[lbo-talk] black power

shag shag at cleandraws.com
Wed Feb 6 17:06:00 PST 2008


my intro to radical political theory began when I read black feminist thought and, shortly thereafter, stuff from Stokeley Carmichael and Huey P. Newton. I didn't get too far into exploring more of the latter, and I vaguely recall someone bitching at me at LBO for upholding C and N's work. I shied away because, silly me, I'm one of the dunces that is persuaded by others' arguments. :)

Then, over the summer, I read Kimberly Springer's _Living for the Revolution: Black Feminist Organizations, 1968–1980_ which meant I read quite a bit on the Black Power and NOI and Black Nationalism in general, though mostly from the perspective of feminist critiques.

Returning books last night, I decided to check out what my branch had on hand:

_Up Against the Wall:Violence in the making and unmaking of the Black Panther Party_, Curtis J. Austin (I was not too sure about this one. The cover makes it clear that its controversial)

_Liberation, Imagination, and the Black Panther Party_, Kathleen Cleaver and George Katsiaficas (editors)

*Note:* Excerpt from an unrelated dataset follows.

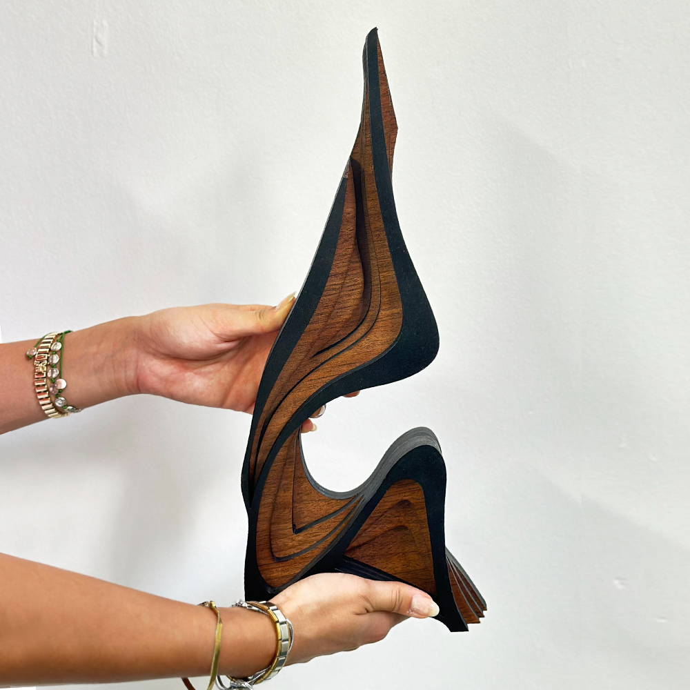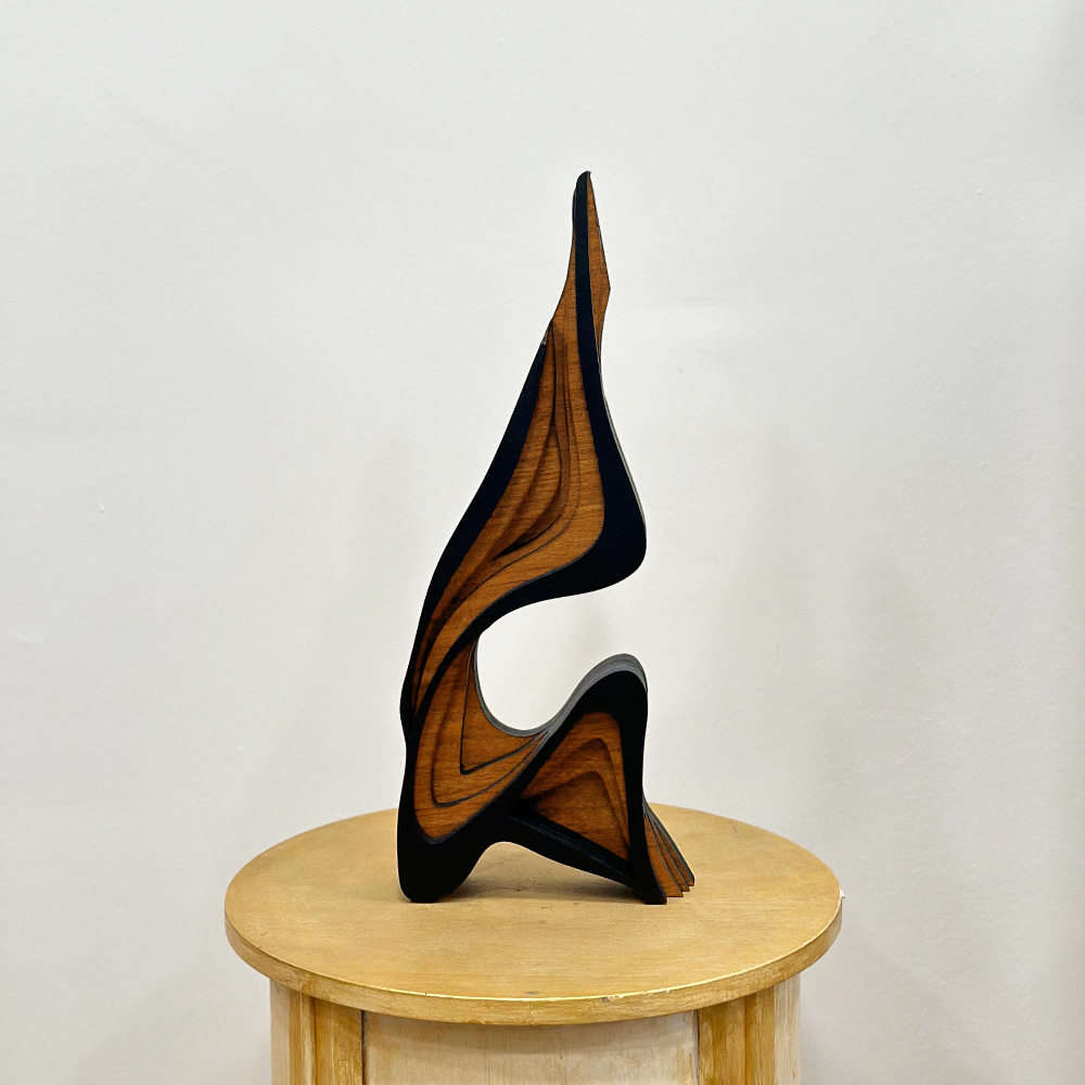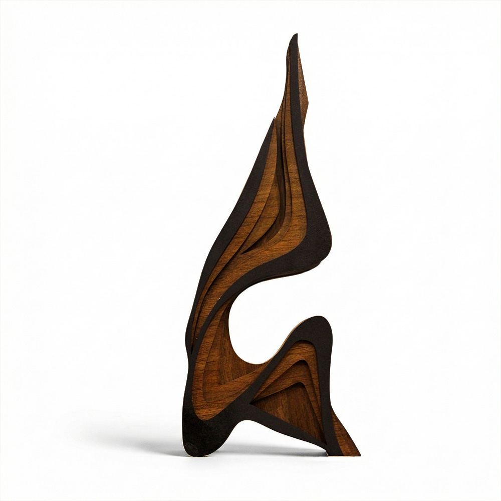 Ballerin, adını taşıdığı hareketten ilham alır; yukarıya doğru yükselen sivri form ve aşağıya doğru kıvrılan tabanıyla tam bir denge ve teslimiyet hissi yaratır. Organik çizgilerin ve akışkan katmanların bir araya geldiği bu ahşap biblo, soyut sanat anlayışının en saf ifadelerinden biridir. Her açıdan farklı bir siluet sunan Ballerin, masanızda ya da rafınızda durduğu her an mekânınıza anlam ve derinlik katar.

I would like some recommendations. Anyone have thoughts about the above books or suggestions for others?

On a related note I went to the lib to pick up books on interlibrary loan:

Kimberly Springer's _Still Lifting, Still Clibming: Contemporary African American Women's Activism_

And, be still my heart, the awesome Linda Alcoff (Larry was with SEIU) and a book that explores identity politics, _Visible Identities: Race, Gender, and the Self_

I'm about 40 pages into it and this is a really helpful book. She's starting out by exploring the _political_ critique of identity, in everything from Arthur Schlesinger to Todd Gitlin to Nancy Fraser. She gives them what I describe as a sympathetic reading, arguing with their strongest points and putting them in the best light possible.

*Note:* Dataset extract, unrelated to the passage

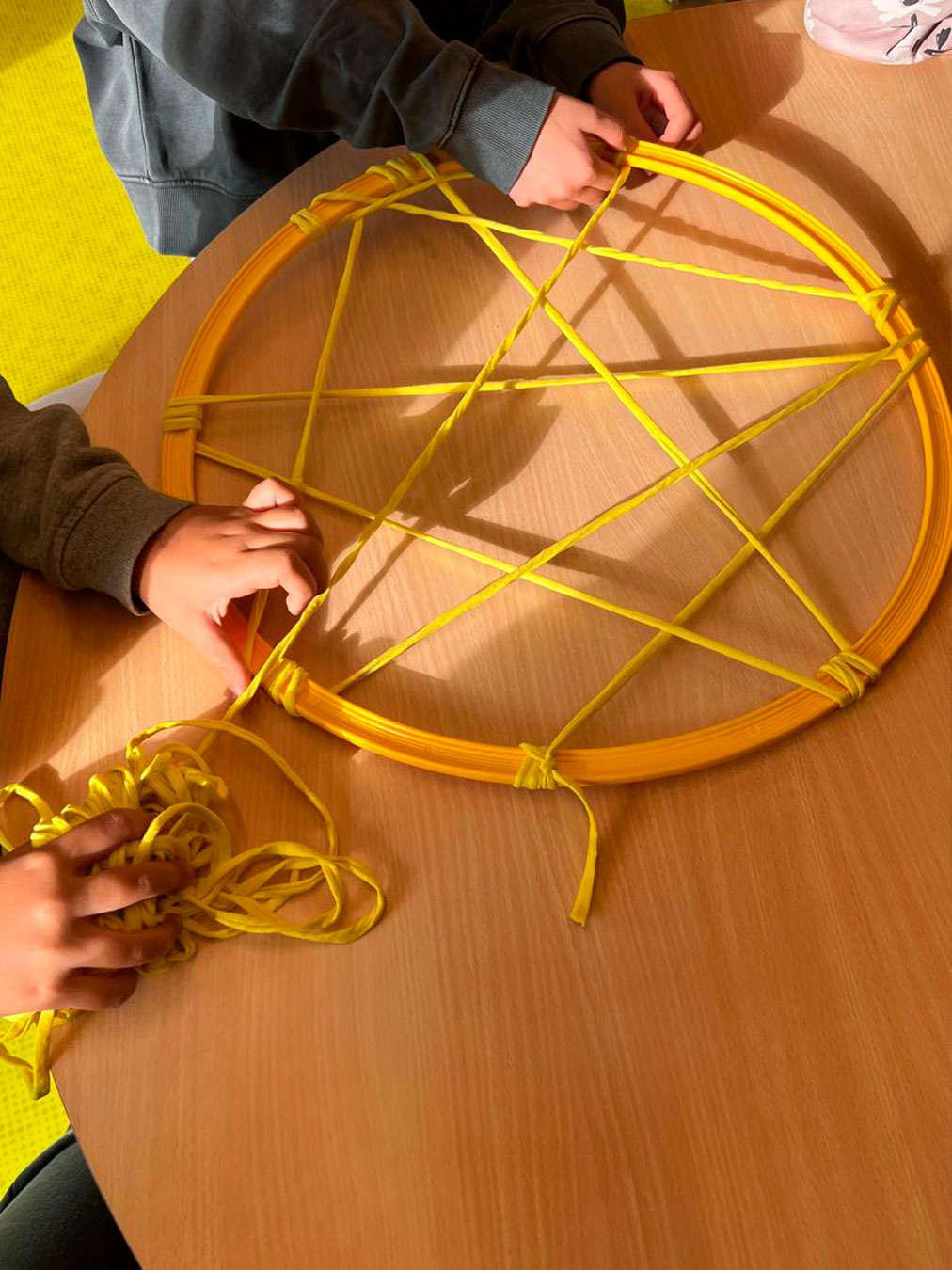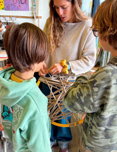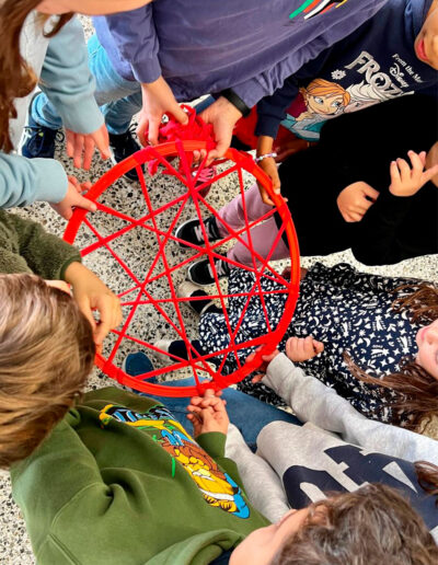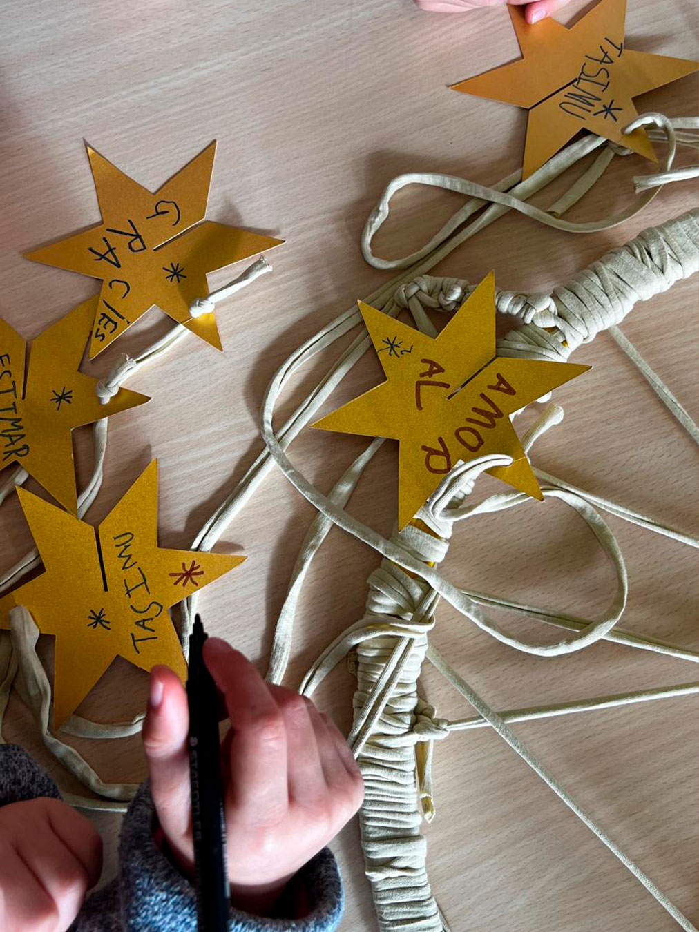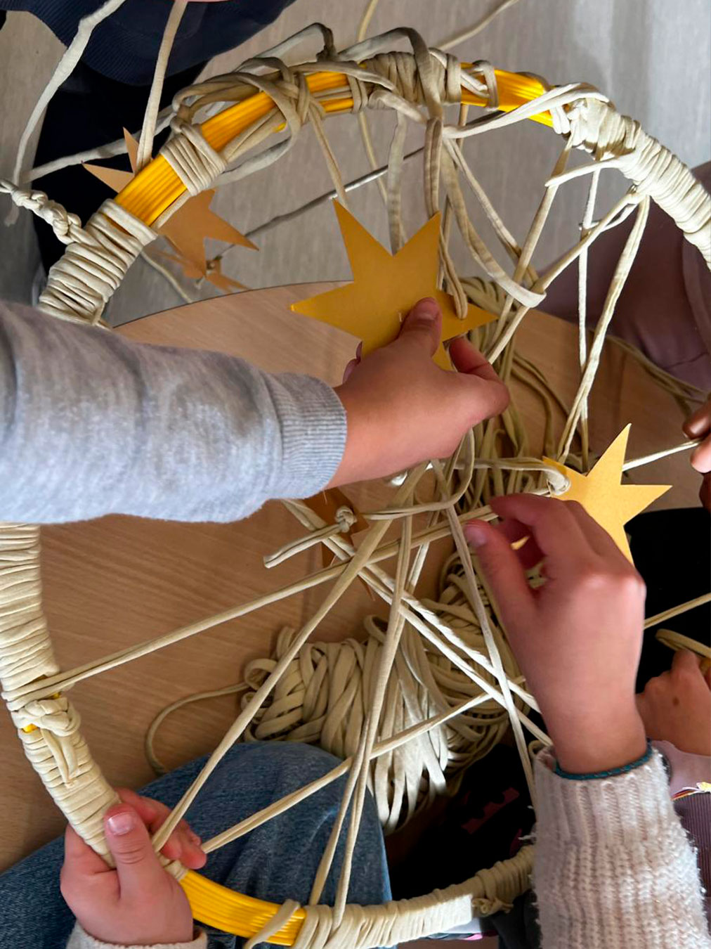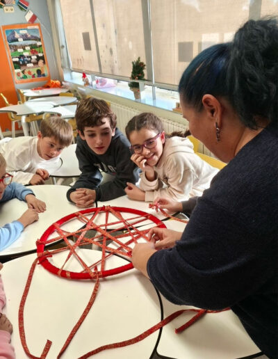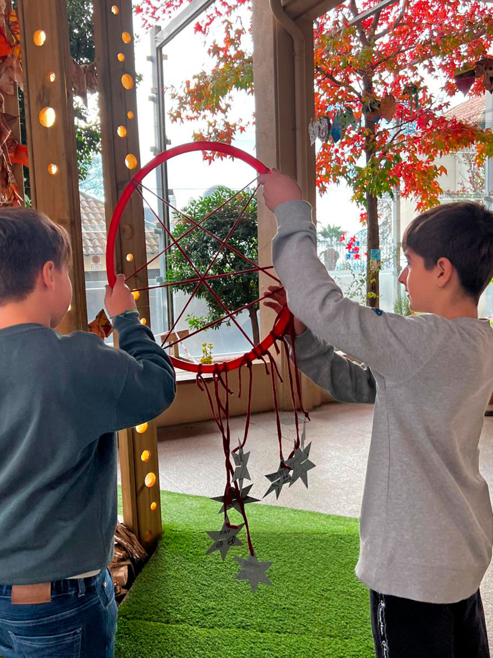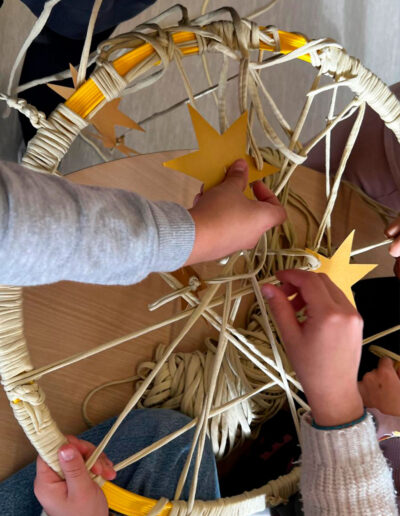 Els atrapa-somnis estan formats per cèrcols de plàstic embolcallats amb roba de colors nadalencs i amb una xarxa geomètrica senzilla al centre. A la part inferior, hi pengen estrelles on l’alumnat pot escriure missatges simbòlics, paraules d’ànim o dibuixos plens d’afecte.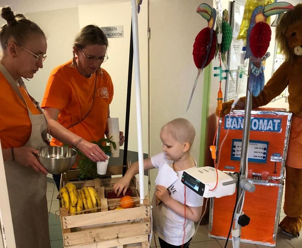I tak właśnie, przy naszym drobnym wsparciu, zorganizowali zabawę, połączoną z wątkiem edukacyjnym. Nasi podopieczni korzystali z zabawkowych bankomatów, by następnie za otrzymane pieniądze dokonać zakupów na bazarku, które później posłużyły do wyczarowania pyszności podczas warsztatów z Kasią Stankow, naszą wspaniałą onkomamą i autorką serii "jedzONKO". Na dzieci tego dnia czekały też fantastyczne misie przekazane przez Galerię Bukowski.

She argues that there are three claims about id politics and why such a politics is indefensible:

1. the reification problem (policing of identity) 2. the separatism problem (people will focus on identity at the expense of shared issues -- the objection raised here) 3. the reasoning problem (that in order to have rational debate, people must be able to objectify their identities)

Each of these is faulty, Alcoff argues, because they have no basis in what actual goes on in identity political practices or what can be discerned from survey and ethnographic research. They rely on assumptions that are undermined by the evidence.

She will go on to delineate and epistemology and ontology of identity, if I under her correctly.

I suppose I will review this book very carefully and, when the bullshit about identity politics starts up again, it's a copy-cut-paste job. LOL.

and yes, I know, y'all probably think I have some sort of disorder with the scattered about reading. whatev!